The story is told through Talker, a Ranger-come-lately. Talker is called Talker by the other Rangers because he’s a translator, speaks lots of languages, and not knowing exactly what situation the spec ops units being sent forward in time might encounter, the higher-ups figured it might be good to have some folks attached who can help out in case our heroes end up in a non-English-speaking realm. What the higher-ups don’t account for, as we learn from Talker, is just how far in the future they end up.
Ever wonder what the Battle of Helm’s Deep might have been like if Aragorn, Legolas, Gimli, Théoden, and the Rohirrim had machine guns to use against Saruman’s horde? You’ll get a taste of that and more in Forgotten Ruin. And what about the other units that went through, what happened to them? Talker and his Ranger buddies learn some lessons about them the hard way and seek not to repeat others.

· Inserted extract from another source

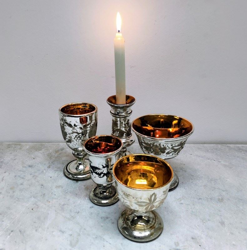 Mercury glass (silvered glass) is double walled glass with a silvering solution applied between the layers giving it a shining silver appearance

The world Anspach and Cole have created, that of a modern military unit being cast into a medieval-style past/future/alternate reality, is nothing new under the sun, but their choices and execution of same render this nothing short of a masterpiece in the space. Is that too gushing of a sentiment? Tough. I told you at the outset I could not be impartial with this one.
Simply put: if you love military thrillers, if you love sword-and-sorcery fantasy, you will love Forgotten Ruin. Grab yourself a copy, Ranger Up with Talker and the gang, remember to Be Meaner Than It, and enjoy a great read.